When it comes to wooing investors, Fambrough is also banking on the novelty of Dicerna's core Dicer-substrate technology.
RNAi is a "very IP-constrained field," Fambrough said. "The discovery of the activity of the Dicer-substrate class, [which comprises molecules] longer than 25 nucleotides, enables a new doorway … for working with RNA interference" since they fall outside of much of the field's fundamental intellectual property covering traditional 21 nucleotide-long siRNAs.
In addition to showing high potency and a long duration of action, Dicer-substrates appear very amenable to modification with targeting moieties, he noted. "Because the end of the molecule is cleaved off [during the RNAi process], and that end is sterically unhindered, we have a very natural attachment point for targeting reagents to mediate targeted delivery.
"Utilizing this handle on our molecules for targeted delivery to diseased cells … is a major drug-delivery effort within the company," Fambrough said. "We have a broad program [focused on conjugating] our molecules with a series of agents that bind to receptors on the surface of cells and are internalized," including aptamers; various small molecules; peptides; and larger amino acid structures such as antibodies and antibody fragments.

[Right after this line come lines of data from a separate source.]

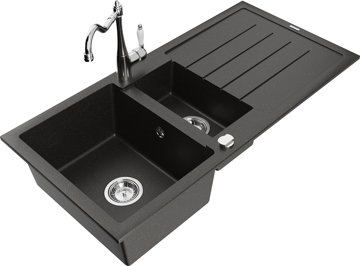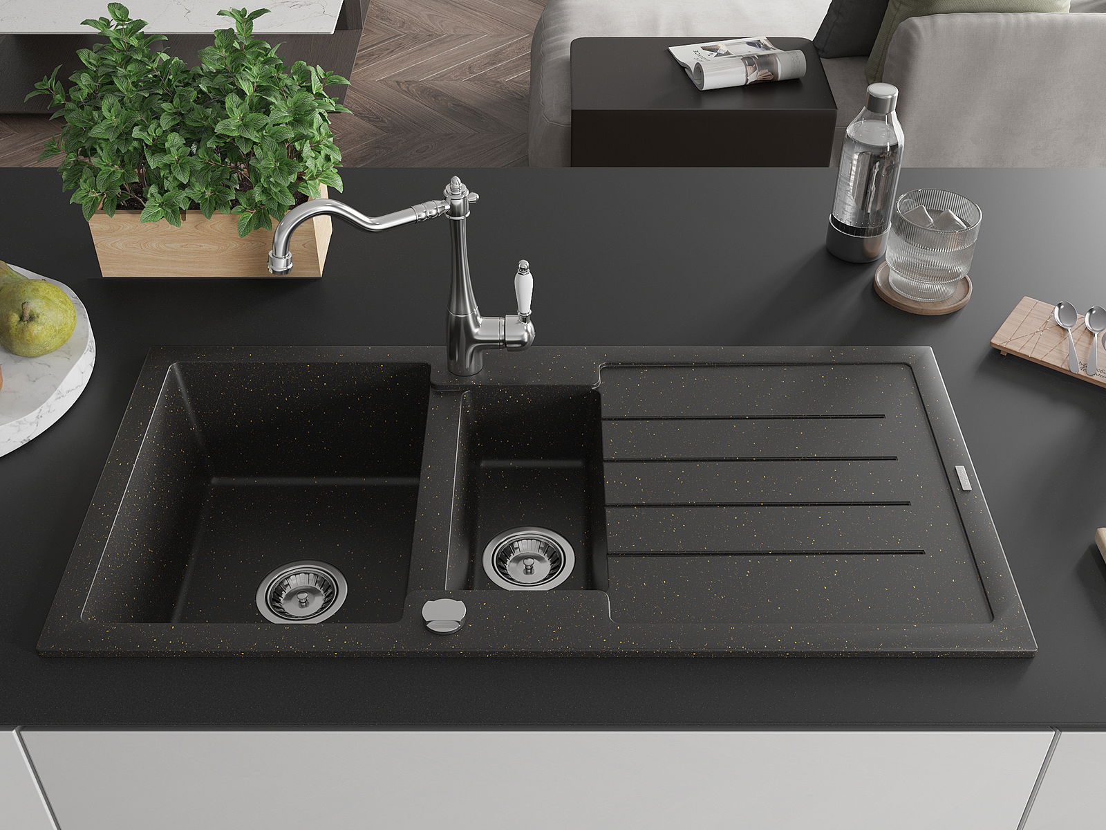 Mexen Andres žulový drez 1,5-komorový s odkvapkávačom a kuchynskou batériou Carla, čierny/zlatý metalik - 6515-75-670700-00
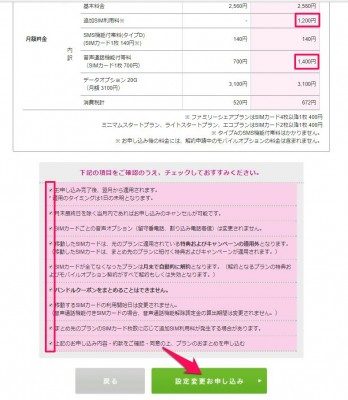 金額などを確認して☑をいれる>[設定変更お申込み]をクリック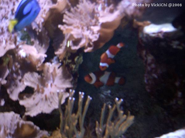 在海洋世界就是看海豚看鯨魚、玩遊樂設施(泛舟和雲霄飛車),我們計畫從最裡面逛出來,我們到水族館去,原本以為會有海底隧道的說,結果是一個一個的水族箱,我還摸了一下海星。

Although luring investors is one of Dicerna's top goals for the year, capturing the interest of industry partners remains a key aspect of its overall business strategy, Fambrough said.

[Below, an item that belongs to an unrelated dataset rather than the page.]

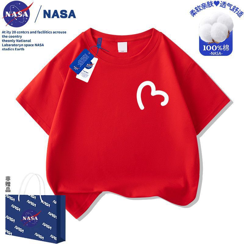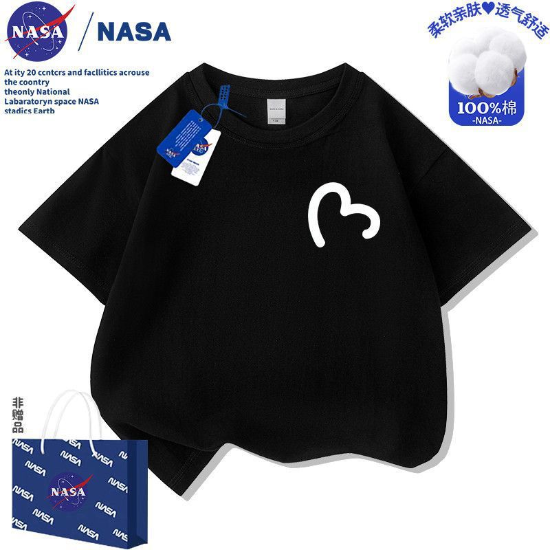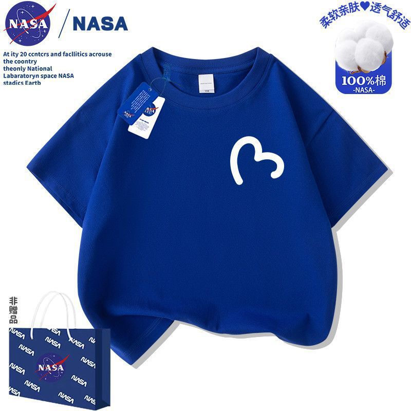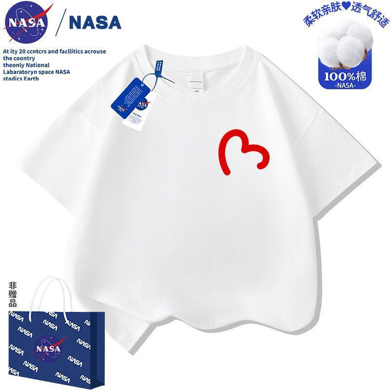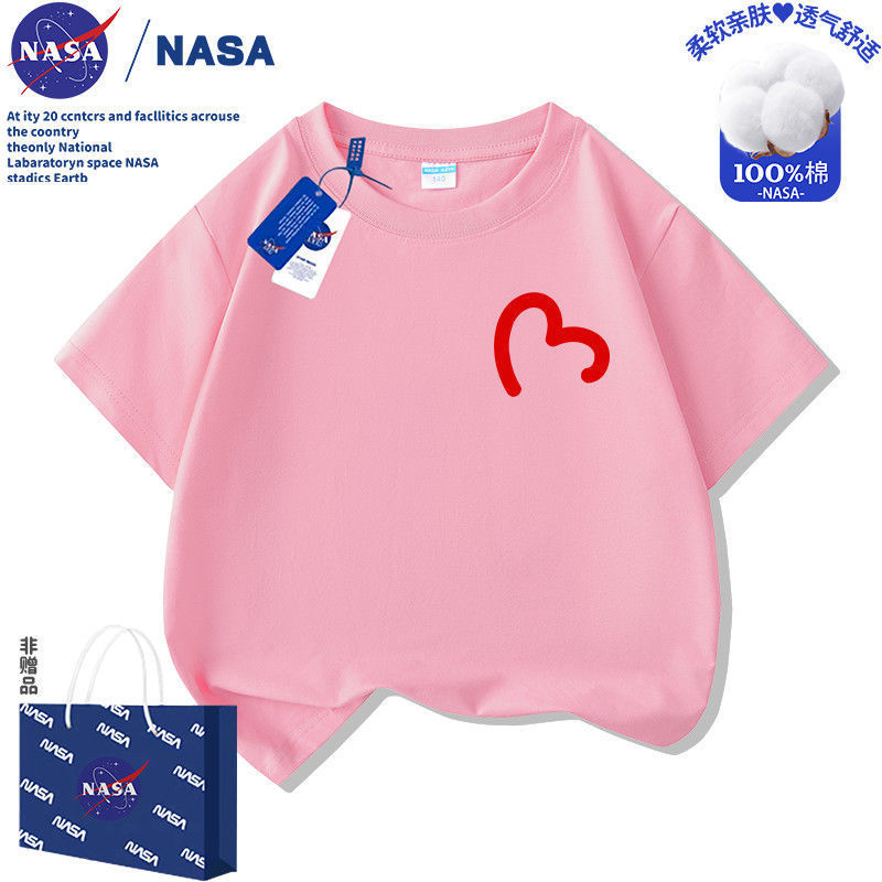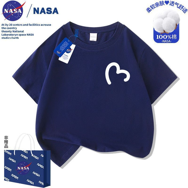 NASA 어린이 작은 사랑 인쇄 순수 코튼 반팔 티셔츠 여름 만화 라운드 넥 패션 다목적 중대형 아동용상의

"Our business model is based on concluding partnerships with larger companies," he said, pointing to the deal the firm struck with Japan's Kyowa Hakko Kirin in December to develop a Dicer-substrate-based cancer drug.
Fambrough declined to provide specific details on what future deals may look like, noting that their structure "is going to vary depending on what [each company's] interests are." However, he did state that Dicerna isn't ruling out an alliance covering its lead drug program, even before it moves into clinical development.
"Deal values in RNAi have been very strong," he noted. "RNAi partnering has been substantially more valuable than, for example, antibody partnering. Thus, the economics of early-stage deals can be very attractive, particularly for programs that are well-chosen and uniquely enabled by your technology.
"So the economics need to be right for us, but in this particular field, I don't think that precludes doing something preclinical," he added.
Ultimately, however, Dicerna wouldn't consider simply handing off the program to a partner in exchange for payments and royalties, Fambrough stressed.
"I think it's important that we … [not just] out-license it," he said. "We may well end up engaging a partnership around it, but not one where we wouldn't maintain a material economic stake in it."